La verdad siempre se nos quedó un poco corta, un poco vacía. Tal vez, esta noche, necesite echar mano de una mentira.

Garabatos

Agazapado en el sillón verde, jugando a escuchar de nuevo palabras ya consabidas, me conquistó la blancura del folio que asomaba por debajo de las revistas.

Embarqué sin demora mis ojos en su superficie límpida, inmaculada, que me pedía a voces un bautismo de grafito. Mi espíritu se abalanzó sobre las dos dimensiones abiertas hacia una travesía de trazos arbitrarios; un cierto azar conocido guiaba mis manos por los blancos senderos que aparecían ante mis ojos atentos y ensimismados.

Las rayas del lápiz atravesaron una nieve plana, un mar quieto. Entretejí un laberinto paralelo, ensayé una firma gigantesca, descendí hasta los bordes del precipicio de la impaciencia. Absorto en los trazos imprevisibles de una mano artista, salí huyendo del mundo en el que estaba y me perdí de vista.

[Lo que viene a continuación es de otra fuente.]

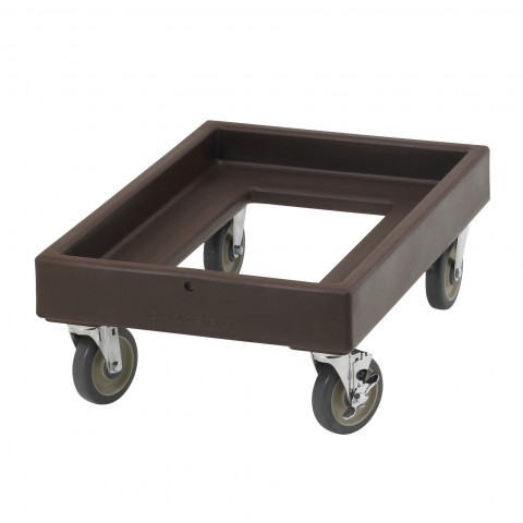 Camdolly®, 25-1/2"L x 19-1/4"W x 10-1/2"H (exterior dimensions), load capacity 350 lbs., 5" casters (2 fixed, 2 swivel, 1 with brake), dark brown, NSF
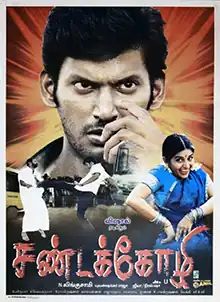 Sandakozhi (transl. Fighting Rooster) is a 2005 Indian Tamil-language action drama film directed by N. Linguswamy and produced by Vikram Krishna under G K Film Corporation. The film stars Vishal, Meera Jasmine, Rajkiran, and Lal, while Raja, Suman Setty and Ganja Karuppu play supporting roles. The music was composed by Yuvan Shankar Raja, while the cinematography and editing were handled by Jeeva-Nirav Shah and G. Sasikumar respectively.
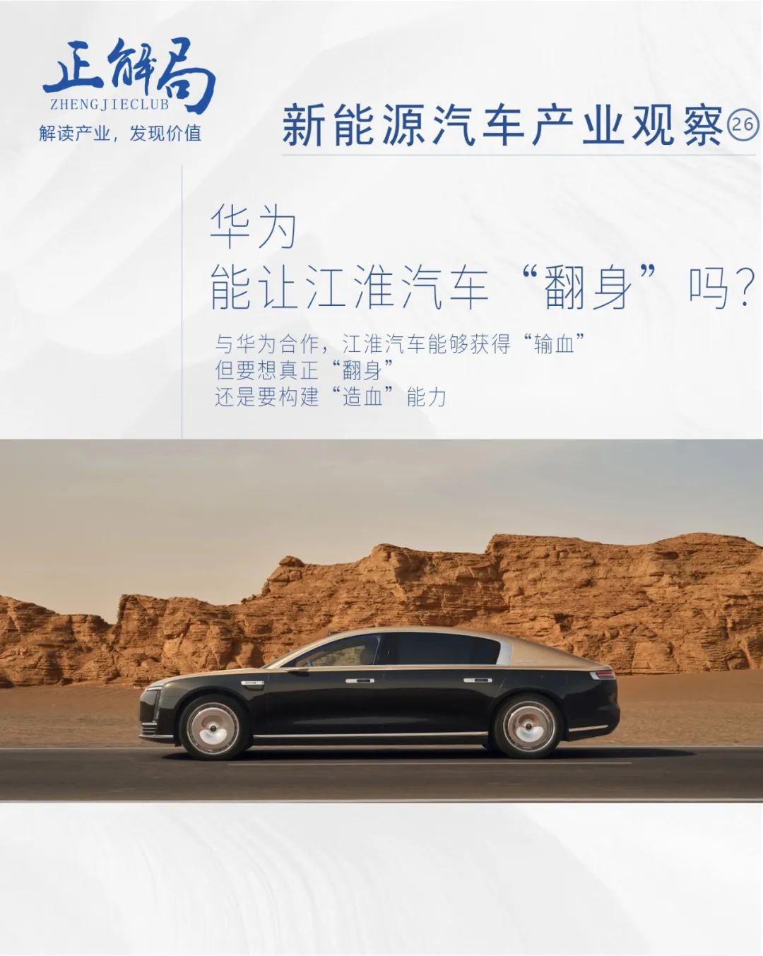 在正解局看來,與華為合作,江淮汽車能夠獲得“輸血”,但要想真正“翻身”,還是要構建“造血”能力。

Cuando terminó la reunión, volvió la realidad poco a poco, casi como despertar de un sueño. Un poco avergonzado de mi ausencia, justo antes de salir de la estancia, en el quicio de la puerta, volví atrás la vista y no pude evitar una sonrisa al darme cuenta de que enfrente de cada silla, sobre la mesa, todo el mundo había dibujado en un papel su viaje de ida y vuelta. Ninguno estuvimos allí. ¡Cómo me hubiera gustado, entonces, entender el idioma de los garabatos!

Desde entonces no dejo de pensar que, ahora, teclear, en este instante, es emprender una aventura, es enseñarte los trazos caprichosos de otra singladura imaginaria y tener la osadía de invitarte a subir a bordo. Dibujar caminos en la pantalla mientras vuelo lejos sin saber a dónde quiero volver.

Quizás, cuando veas mañana en tu ordenador este garabato, te asome al borde de los labios una sonrisa irreprimible y te rías de mí pensando: «Otro que tampoco estuvo aquí».

Y no te faltará razón. Garabatos son lo que escribo. Garabatos son, lo que más me gusta escribir.